"I am not homesick!" I answered. "Only—" and then I dropped on my knees, hid my face in my aunt's lap and burst out crying. I don't know what made me. I should never have thought of such a thing with my lady, who, though always kind, did never invite my caresses.
"What is it, dear heart? What makes thee cry? Tell Aunt Joyce what ails thee, my dear, tender lamb, now do?" said my aunt, who was apt, in times of interest, to return to her native Devon. I remember, as though it were yesterday, how sweetly sounded in mine ears the homely accent, and the words of endearment which I suppose might find some echo in my childish remembrance. Sure 'tis a cruel thing to deprive young creatures of those caresses which even the dumb beasts bestow upon their young. I have always thought that if my lady had been more tender and gentle with poor Randall, he might have been different.
"Only I can't stay here!" I sobbed at last. "Pretty soon Mother Benedict will send or come for me, and I shall have to go to the convent, to be shut up and never see any body, or run in the fields any more, and to wear a horrid gray robe, and a veil—" and here I broke down again.
"My child, I think you are borrowing trouble!" said my aunt, with a perplexed look. "I thought you were coming to live with us. I heard nothing about any convent."
"But I am to go to the convent!" I answered. "My lady said so."
"Well, well, we will talk to my nephew about it!" said my aunt. "Don't cry any more, there's a lamb, but wash your face and come down stairs with me, and by and by we will go and take a walk in the fields and see the old people in the almshouses. Can you sew?"
"Oh yes, aunt!"
"Then you shall help me a little, if you will. I am making some napkins of old worn linen for one of the bedeswomen who has watering eyes, and you shall hem one for me. As for the convent, I would not trouble about that just now, at any rate. It will be time enough when you have to go there."
Somewhat comforted, I washed away the traces of my tears with the rosewater my aunt gave me, and followed her down stairs to the parlor, where my cousins were already sitting, the one at her sampler, the other at her lute, which she played very prettily for a child.
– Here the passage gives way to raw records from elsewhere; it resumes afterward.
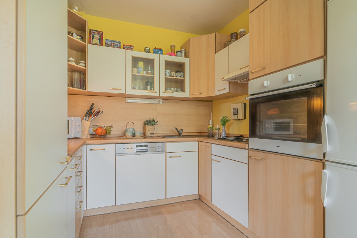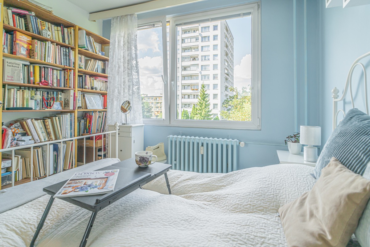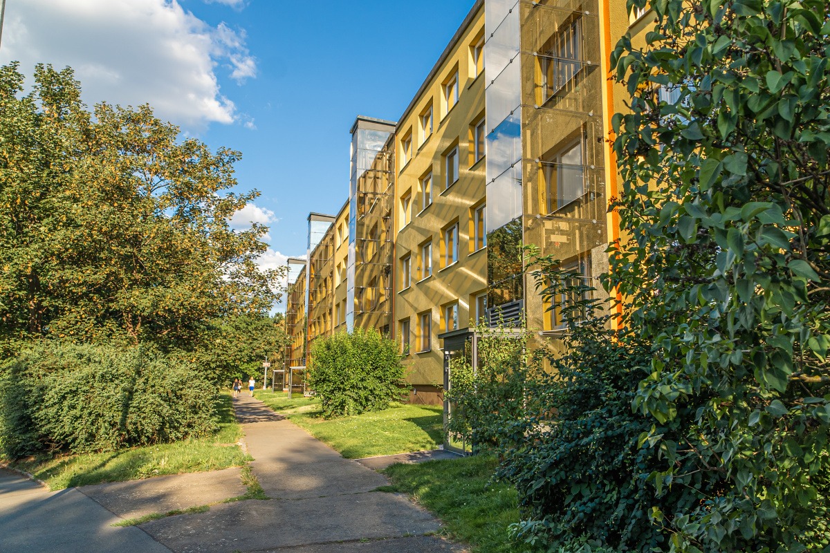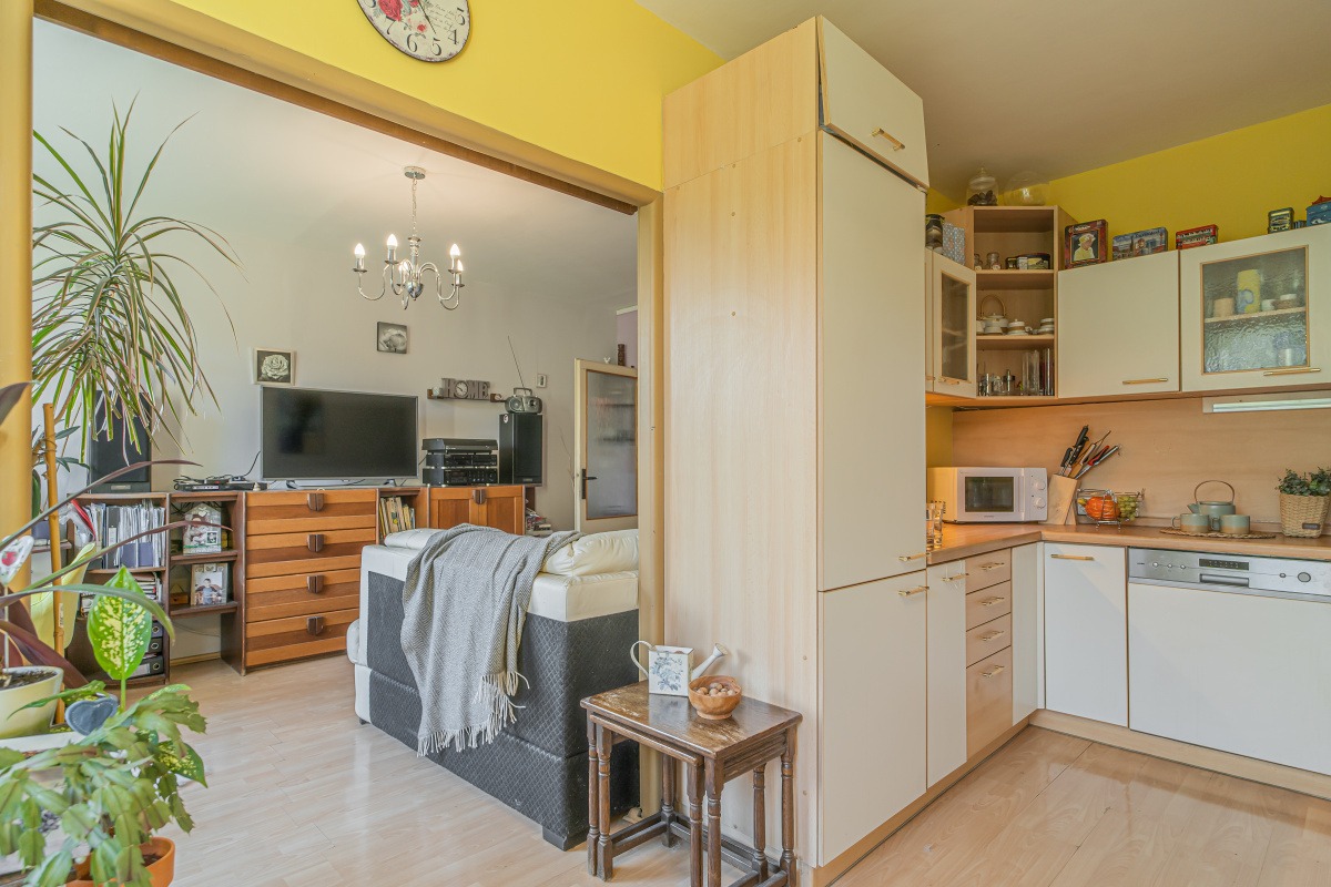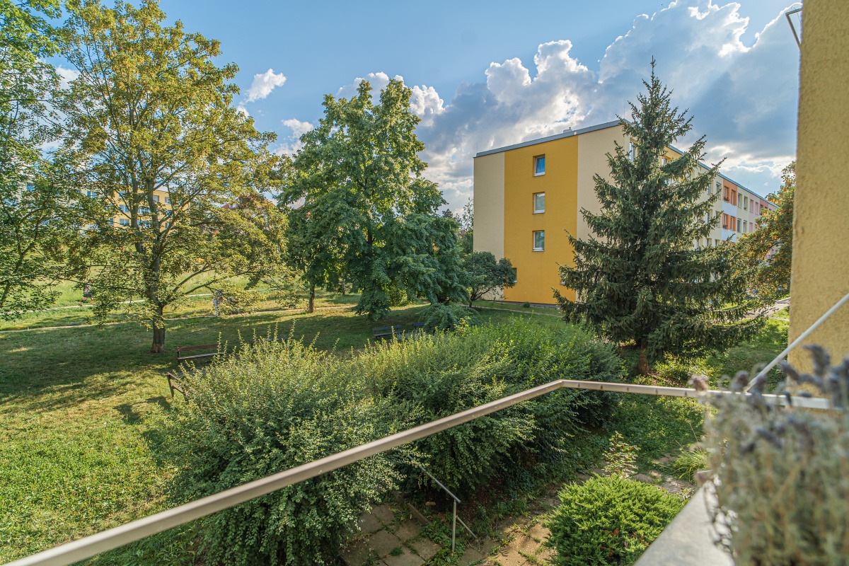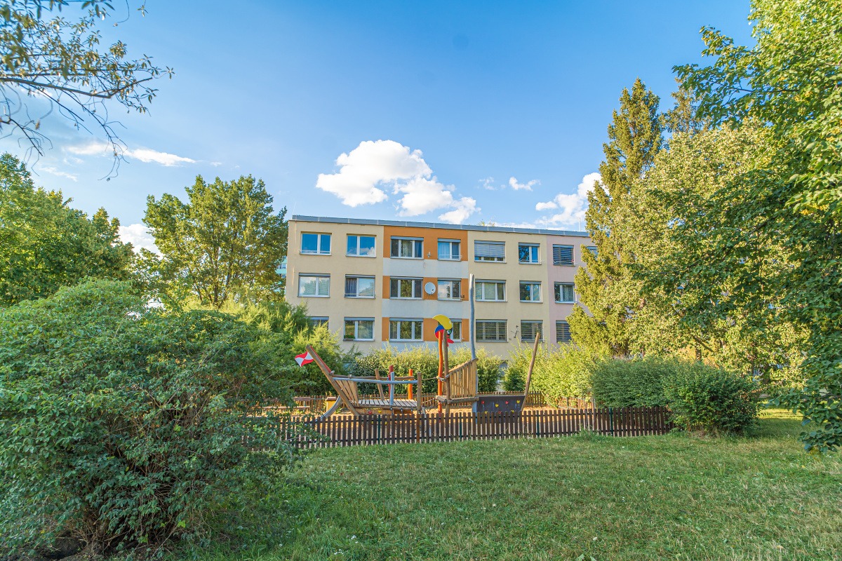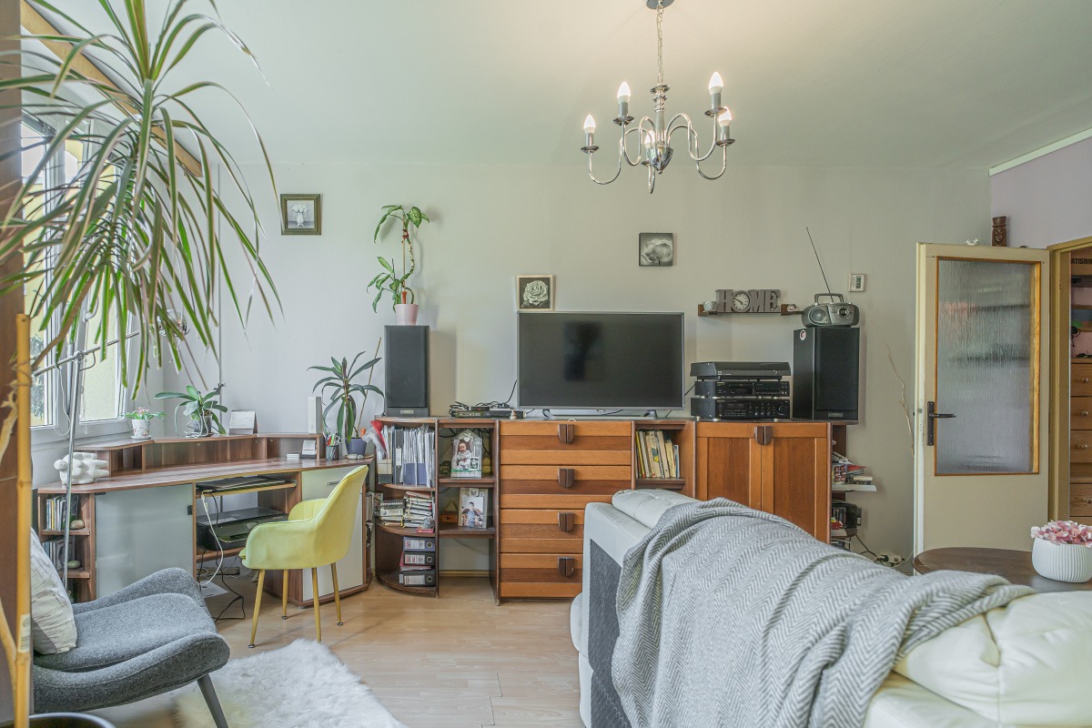 Oblíbená dispozice 3+1 nabízí dvě neprůchozí ložnice, samostatnou koupelnu, WC a komoru a obývací pokoj částečně spojený s kuchyní. Byt byl průběžně a pečlivě udržován a je možné jej okamžitě využívat. Na druhou stranu je v bytě ještě původní umakartové jádro, jehož rekonstrukcí posunete potenciál a využití bytu na vyšší úroveň. Kuchyň a obývací pokoj jsou orientovány na jih, ložnice pak na sever – ideální kombinace, kdy denní místnosti mají dostatek světla a naopak klidová část bytu je spíše ve stínu.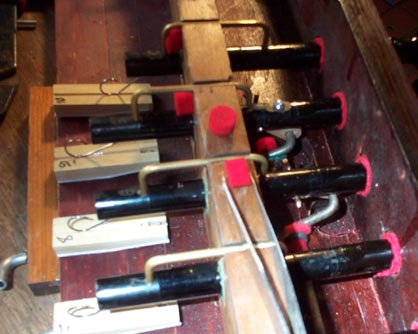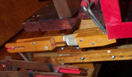 Now for the adjustment. The bending of the springs is very critical: too loose, and the pallets do not close reliably; too tight, and the stop binds and is hard to pull. Back when I was still trying to make the original pallets work, I tried graphite. But this did not work very well, and ended up making everything dirty, so I had to clean everything up and start over. There is something I discovered that will make the stop action smoother and lighter. The shafts of the stop rods were rough and scored, and didn't move smoothly in the bushings. Refinishing the rods struck me as a difficult and questionable enterprise, so instead I covered the front two inches and the back two inches of the rods, where they go through the bushings, with shiny transparent 2" packaging tape. The spring keeps the rod pushed up against the upper halves of the bushings, so only the top three quarters of the rods have to be taped. Impure, you say, but it floats the boat. This makes a 100% improvement in the ease with which a stop can be pulled at any given spring pressure. The guide staples have very little clearance in their grooves, and can bind, so some of the staple legs have to be bent slightly so that the staple crossbar is exactly parallel to the stop shaft.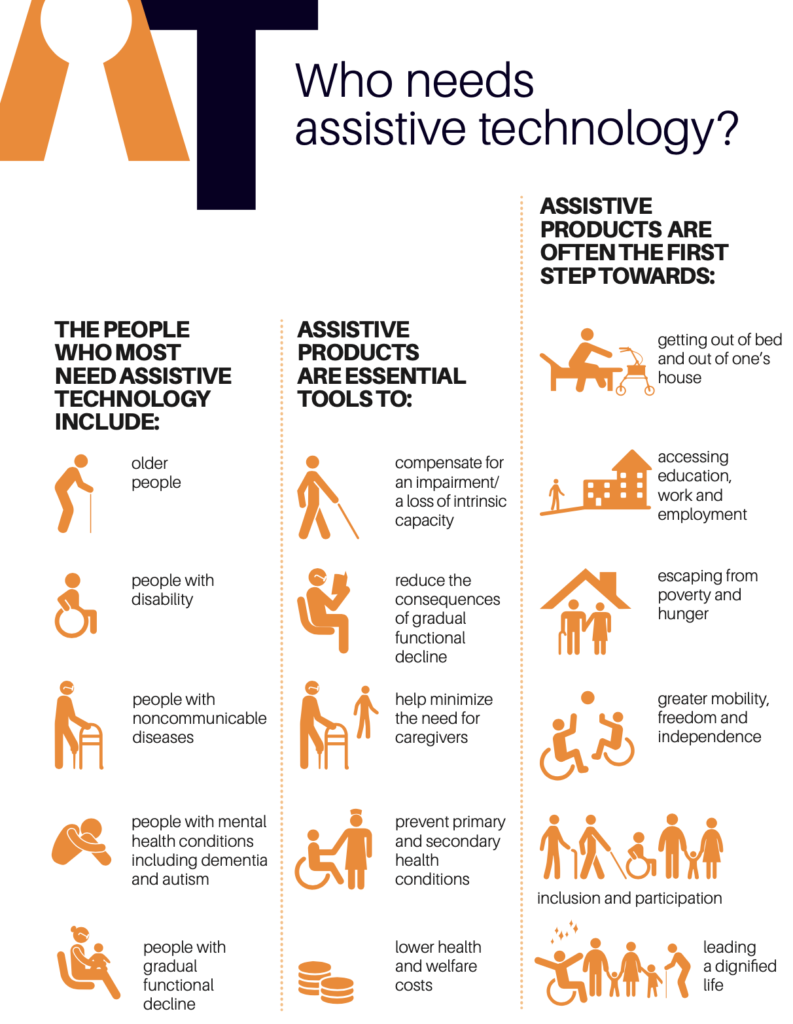 Nó giúp người khuyết tật di chuyển, giao tiếp hiệu quả hơn, nghe và nhìn tốt hơn và tham gia đầy đủ hơn vào các hoạt động học tập, làm việc và vui chơi giải trí.

If my aunt was in a hurry for the napkins she gave me to hem, she did not act wisely in seating me at the window, for I saw so much to observe and admire that my work went on but slowly. But I suppose her object was rather to divert me from my grief, and in that she certainly succeeded. Now it was some gay nobleman of the court with two or three attendants, all glittering in gold and embroidery who passed by—now a showman with a tame jackanape or a dancing bear—then a priest under a gorgeous canopy, carrying the host in its splendid receptacle to some dying person.